§ Given records
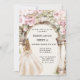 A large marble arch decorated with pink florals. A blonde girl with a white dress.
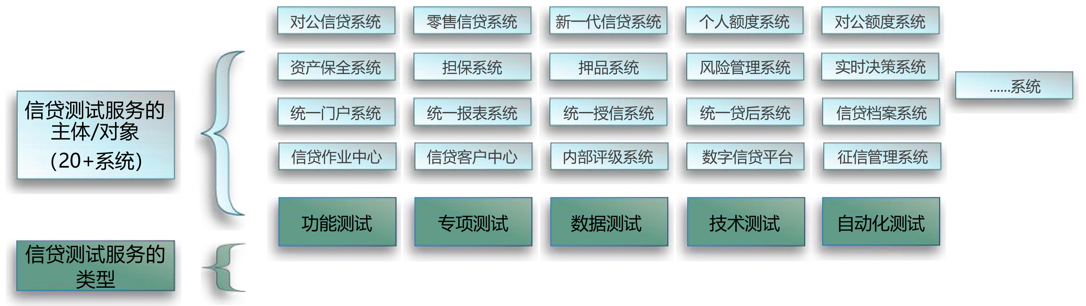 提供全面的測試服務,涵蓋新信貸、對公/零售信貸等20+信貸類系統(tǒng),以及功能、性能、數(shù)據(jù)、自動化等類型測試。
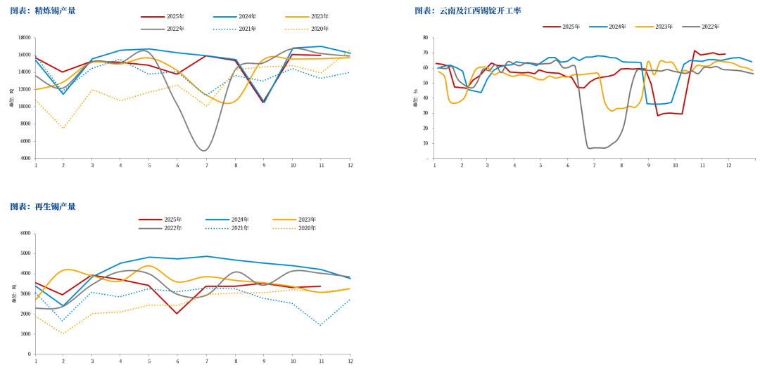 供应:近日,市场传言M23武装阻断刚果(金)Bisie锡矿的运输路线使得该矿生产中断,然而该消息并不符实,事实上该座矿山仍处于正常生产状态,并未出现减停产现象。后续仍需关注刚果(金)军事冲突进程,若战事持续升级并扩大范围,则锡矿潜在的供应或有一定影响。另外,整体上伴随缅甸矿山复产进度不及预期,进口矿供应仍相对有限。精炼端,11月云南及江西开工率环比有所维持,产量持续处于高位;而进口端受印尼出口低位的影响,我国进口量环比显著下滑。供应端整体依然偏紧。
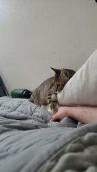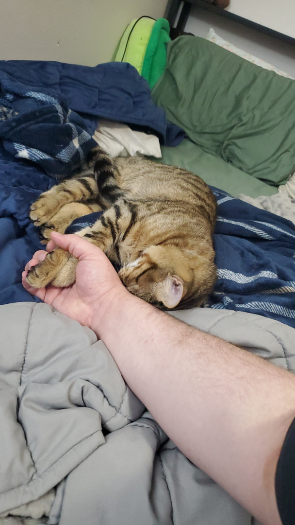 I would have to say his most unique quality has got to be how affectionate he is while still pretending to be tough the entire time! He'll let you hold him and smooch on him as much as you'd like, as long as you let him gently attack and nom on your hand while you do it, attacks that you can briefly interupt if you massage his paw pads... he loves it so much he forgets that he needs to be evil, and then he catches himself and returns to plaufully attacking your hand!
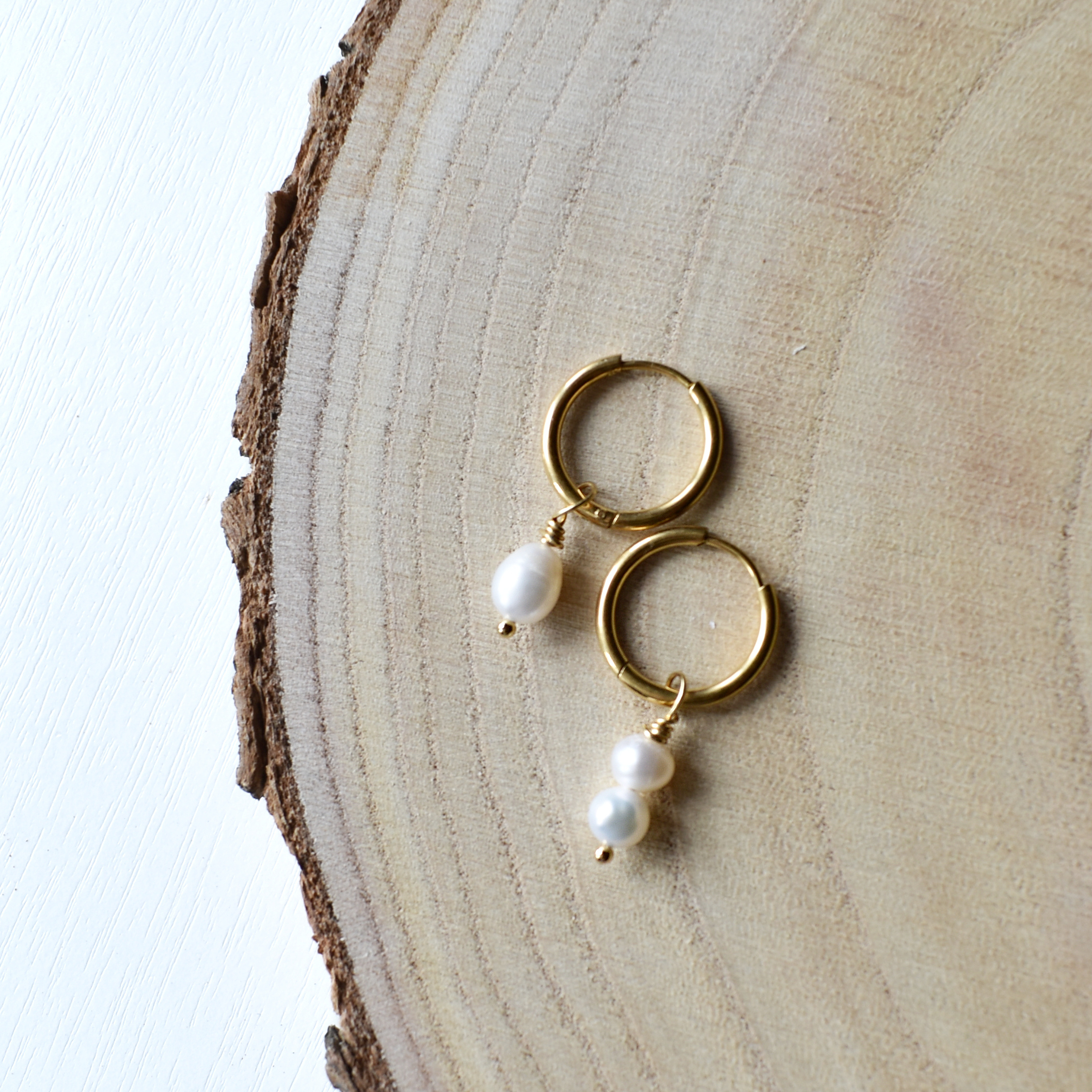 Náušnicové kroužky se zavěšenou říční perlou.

§ Task
Go back to the entries above and restate word for word every line from the first through the one that contains "供应:近日,市场传言M23武", leaving the pictures behind.

§ Result below
 A large marble arch decorated with pink florals. A blonde girl with a white dress.
 提供全面的測試服務,涵蓋新信貸、對公/零售信貸等20+信貸類系統(tǒng),以及功能、性能、數(shù)據(jù)、自動化等類型測試。
 供应:近日,市场传言M23武装阻断刚果(金)Bisie锡矿的运输路线使得该矿生产中断,然而该消息并不符实,事实上该座矿山仍处于正常生产状态,并未出现减停产现象。后续仍需关注刚果(金)军事冲突进程,若战事持续升级并扩大范围,则锡矿潜在的供应或有一定影响。另外,整体上伴随缅甸矿山复产进度不及预期,进口矿供应仍相对有限。精炼端,11月云南及江西开工率环比有所维持,产量持续处于高位;而进口端受印尼出口低位的影响,我国进口量环比显著下滑。供应端整体依然偏紧。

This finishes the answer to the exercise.